第1773章 归途 (第1/2页)
凌峰醒来的时候,已经在船上了。
他不知道自己是怎么从血海深处被带上来的。他最后的记忆,只剩下母亲那句“回家吧”,和满眼的白。那白像从月亮里倒出来的,又冷又净,把他整个人都泡了进去。然后,他就什么也不知道了。再后来,是颠簸,是风声,是很多人叫他名字的声音。那些声音又远又近,像从水底浮上来的。他睁不开眼。他觉得自己像一块被烧透了的炭,只剩一点红光,还倔强地不肯灭。
“凌兄!凌兄!你听见没有?我是穆恩!”
有人在拍他的脸。一下,又一下。凌峰极费力地抬了抬眼皮。光太亮了。他眯起眼,看见穆恩那张又黑又瘦的脸,还有小武、熊子、石头、夜姬……他们全围着他。每个人的眼睛都是红的。小武的嘴唇在抖。熊子那么大个儿,竟哭得像个孩子。凌峰动了动嘴唇,想说“哭什么”,嗓子却像被人用砂纸里外磨过,只发出几声极哑的气音。
“别说话。你伤得太重了。”夜姬端来水,用极小的勺子一点点喂他。凌峰咽了几口。那水像火,烧过他的喉咙,落进胃里。他咳了几声。这一咳,牵动了全身。他疼得整个人都弓了起来。可就是这股疼,让他知道自己还活着。他还活着。
“我娘……呢?”他问。那三个字,像从心口最深处剜出来的。
没有人回答。
船上安静了一瞬。只有海风,和船底压过浪头的闷响。穆恩别过脸去。小武低下了头。夜姬的勺子停在半空。凌峰的心,一点一点地沉了下去。他闭上眼。他没有再问。他知道答案了。
母亲没有上来。她永远留在了那座岛上。留在了那片他亲手封死的血海之上。她最后说,让他回家。可她忘了,没有她的家,早就缺了一角。许多年。
“凌老大,伯母走得很安详。”暗影忽然开口。他的声音还是那么低,那么冷。可凌峰听得出,那冷里裹着一层极薄的疼。他说:“我们赶到黑石台时,她还在。就靠着那盏灯。灯已经灭了。可她的手还是朝你伸着的。像要再摸摸你。我和小武把你背上来,再去抬她。她已经……轻得不像话。我们把她也带出来了。就在后舱躺着。盖着岛上摘来的白花。”
凌峰没有说话。他望着头顶的舱板。那上面有一道极细的缝。有光从缝里漏下来,像一条被拉长的银线。他看着看着,就笑了。那笑又苦又涩。笑着笑着,眼泪就从他眼角滑下来。一滴,两滴,落进他的发里。
“我们回家。”他说。
船在海上行了很久。久到凌峰已经分不清白天和黑夜。他只知道自己醒了又睡,睡了又醒。每一次醒来,身边都有人。有时是穆恩,有时是皇甫若澜——皇甫若澜是在第三天上的船。她在闽州港等他们。凌峰被抬下船时,她看见他那副样子,没有哭。她只是走到担架边,握住他那只还能动的手,说:“我来了。”凌峰朝她笑了一下。那笑极淡。可皇甫若澜看懂了。她把他的手贴在脸上,贴了很久。
他们从闽州走陆路回了江海。曹医师在半路就被接了来。他一见凌峰,连叹了三口气。第一口气,是怕。第二口气,是怒。第三口气,是疼。他什么也没说,只让人把凌峰小心地挪上宽车。车上有软垫。凌峰躺在上面,像躺在一团旧棉花里。车走了多久,他就睡了多久。梦里,他总看见母亲。
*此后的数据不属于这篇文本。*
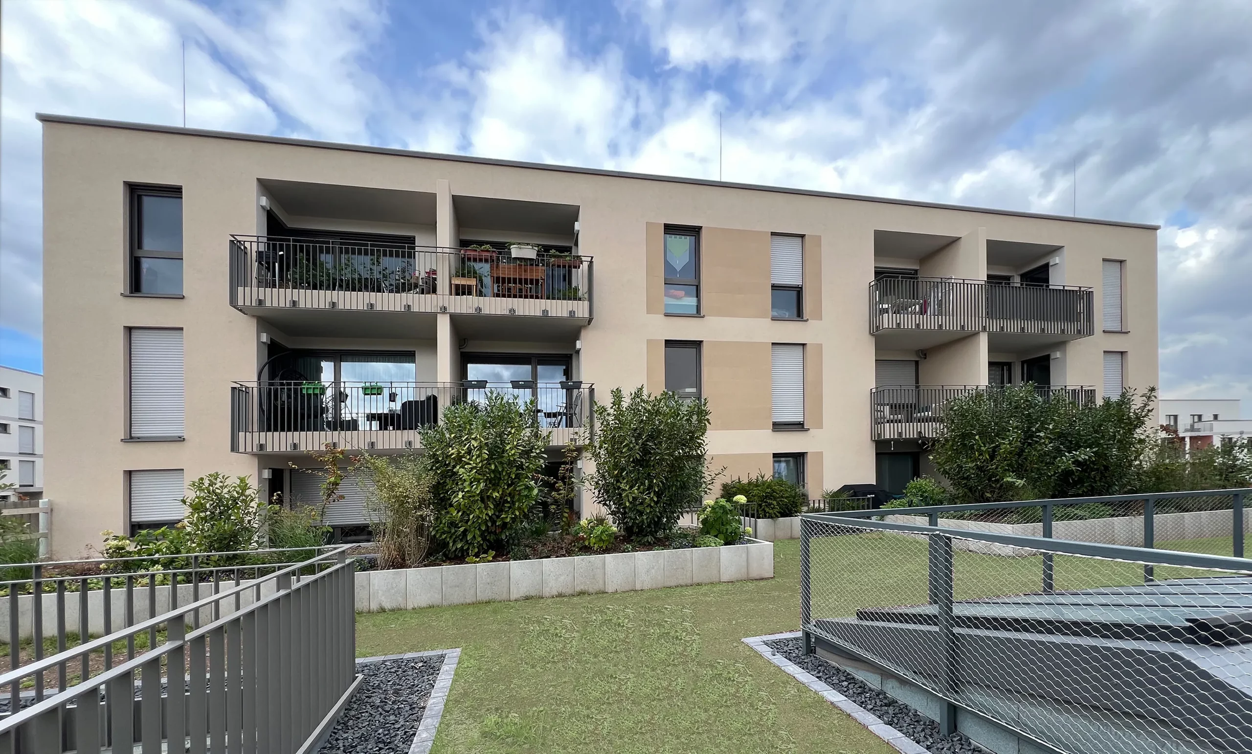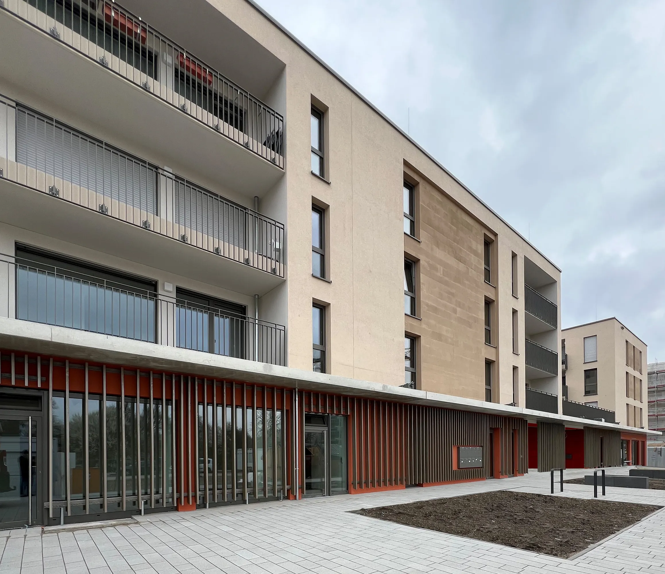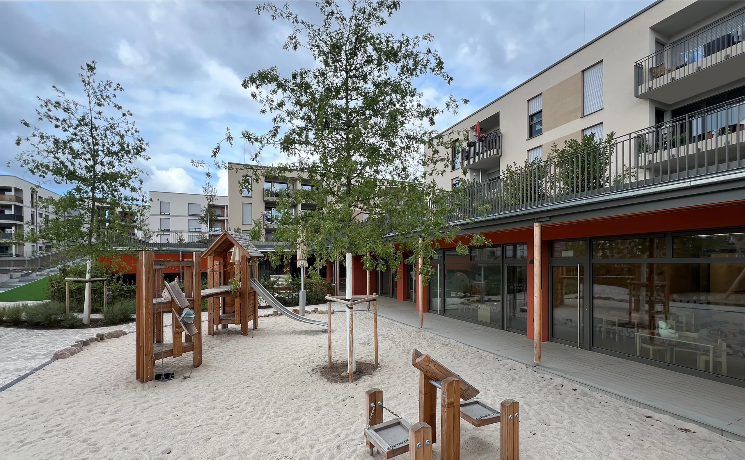 Die drei Gebäude mit jeweils drei Geschossen integrieren im Erdgeschoss eine Kindertagesstätte mit fünf Gruppenräumen. Zusätzlich stehen gemeinschaftlich nutzbare Räume wie ein Waschsalon und eine Fahrradwerkstatt zur Verfügung, die das nachbarschaftliche Miteinander stärken.

她站在海边。月亮很大。她朝他挥手。可每次他跑过去,那海就往后一退,母亲也越来越远。他想喊,却发不出声。直到有人把他摇醒。是刘姨。刘姨端着一碗粥,跪在床边,眼睛肿得像核桃。她说:“少爷,到家了。”
凌峰点点头。他让人把母亲的东西全取出来。那半截木梳,那半片红布,那柄归月剑,还有那盏已经不会亮的铜灯。他让人把归月剑挂在书房最显眼处。铜灯放在他自己的床头。红布和木梳,则被皇甫若澜用一只极小的木盒装好,端端正正地摆在凌家祠堂里。那里有母亲的牌位。凌啸天亲笔写的。字很正。像他这个人。